Bartender Banter: Derby Edition

July 10, 2007 | Comments (0) | by Jake the Terrible Cubs Fan

Say what you want, but I'll admit, I'm a sucker for the Home Run Derby. So many folks are so stuck on being cynical assholes about it, that they can't just sit back and enjoy a simple exhibition. I can hear the naysayers with their arguments, calling the event old and tired, often comparing it to the NBA Slam Dunk Contest. I always found that to be a stupid comparison however. The dunk contest can't even draw marquee names any more, while the Derby can still bring in some big stars (Pujols, Guerrero). Nonetheless I look forward to it every year and am willing to endure the apocalyptic announcing trio of Berman, Morgan and Baker.

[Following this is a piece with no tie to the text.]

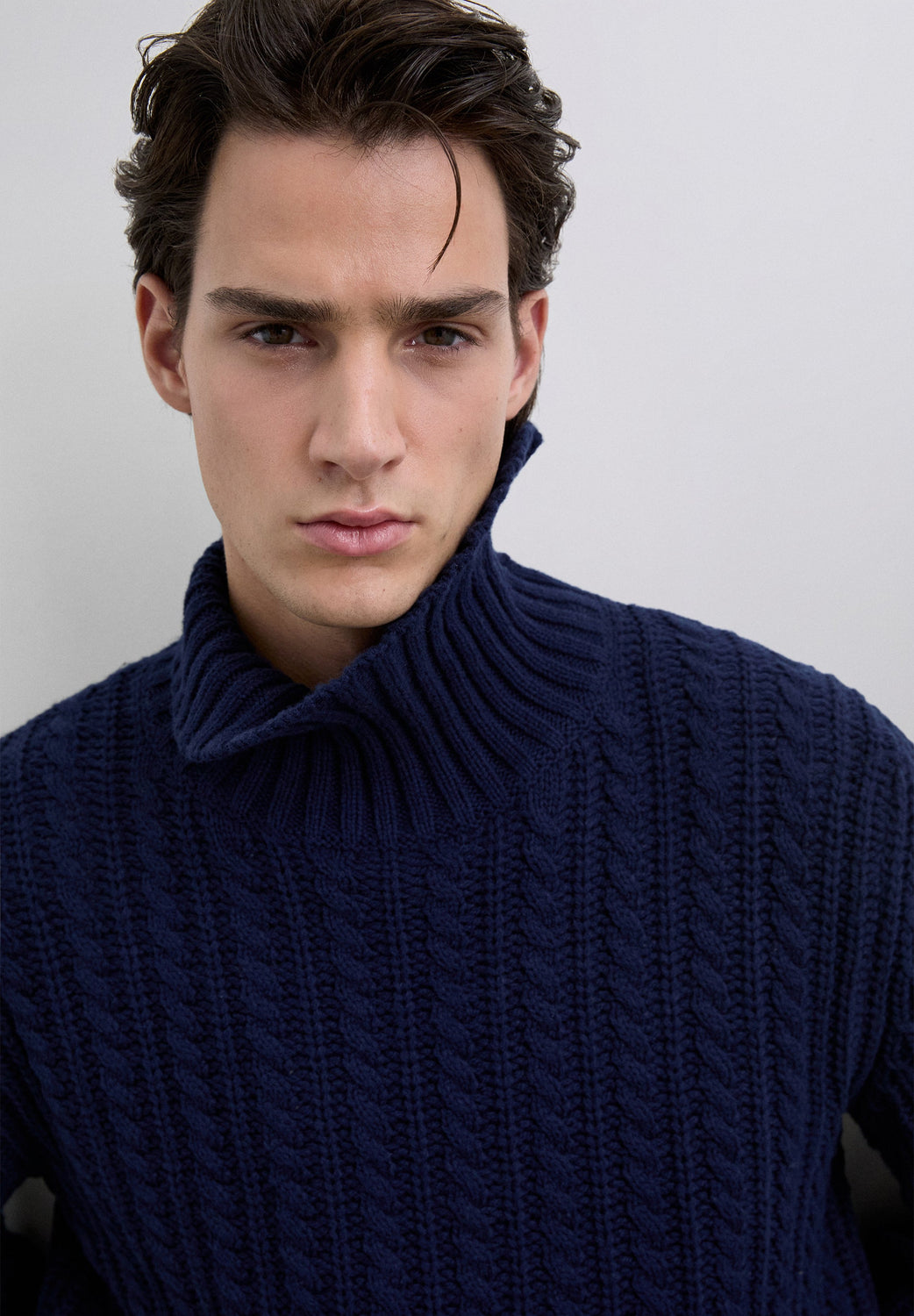Cable-knit sweater. High collar. Long sleeves. Regular fit.

So here's a discombobulated recap, bullet points style.
  • I'm sure there were some folks who had no idea who Matt Holliday and Alex Rios were. Hopefully this event changed that. Both guys are studs and deserve a little more recognition.
  • Can Alex Rodriguez do an interview and actually sound candid and unrehearsed? I honestly don't think its possible.
  • What the hell did Kenny Mayne do to be constantly relegated to a sideshow shtick all the time? Oh he's in a kayak, that's funny. Why not put him in the booth instead of Berman? At least he comes up with different home run calls to shout. Instead I have to hear Chris say "Back, back, back, back, back, back....GONE!" 200 times. ESPN, you're under-utilizing Kenny. Please give him a more prominent role. Shit, once Dan Patrick is gone, he'll be the only guy left on that channel I actually like.
  • As Albert Pujols is introduced my wife says, "Is that Poopholes?" We've been married for almost five years and I've bored her with endless baseball talk that she doesn't know anything about, nor does she care to, but somehow me always calling that guy 'Poopholes' has sunk in with her. Nice.
  • Wetsuit: $85. Kayak: $1,100. Floating in the water with 200 other dumbasses as only two balls actually make it into McCovey Cove: Priceless. Seriously, how pissed would you be once you learned that only righties advanced to the second round?
  • I was pulling for Prince Fielder but unfortunately it was not to be. He seemed to be pressing a bit too much. He should've relaxed a bit. Every swing looked like he was trying to hit it 800 feet.
  • I honestly think Joe Morgan thought Ryan Howard got a first round bye.
  • I've never really seen Alex Rios hit before, but I'd say he had the prettiest swing out of all 8 guys last night. Every home run just looked effortless for him.
  • While it wasn't to David Wright proportions, Matt Holliday became my new mancrush last night.
  • What can you say about Vlad Guerrero? The guy is an absolute freak. Did that 500 foot shot hit the giant glove? ESPN did a shitty job with the replay on it, yet we got 16 different angles of the one non-homer that Dusty and Joe kept saying looked like it was good.
  • Magglio Ordonez competed last night? I don't even remember him hitting.
  • The Bonds interview was great. How many times could he say the word "team"? Most folks outside the Bay Area don't like you Barry. It's ok to say, "I didn't want to compete tonight, because I don't want to risk injuring myself, thus putting my chase for the home run record in jeopardy."
  • How have we not had an incident yet where a fan is smothered to death by a fat dude leaping for a ball? There were more sweaty obese guys flopping around than an Old Country Buffet table that just replenished the tub of chicken wings.
  • Random thought of the night: "If this were a "Pop Fly to the Warning Track" Derby, Jock Jones would have kicked some serious ass.
  • You have a commercial with Kobayashi devouring food, but you can't show him actually pounding a beer? Boooo! Speaking of that guy, I think we've found a second legitimate profession where lockjaw could be considered career-threatening.
That's all I know. I'll be back with comments on the ASG tomorrow.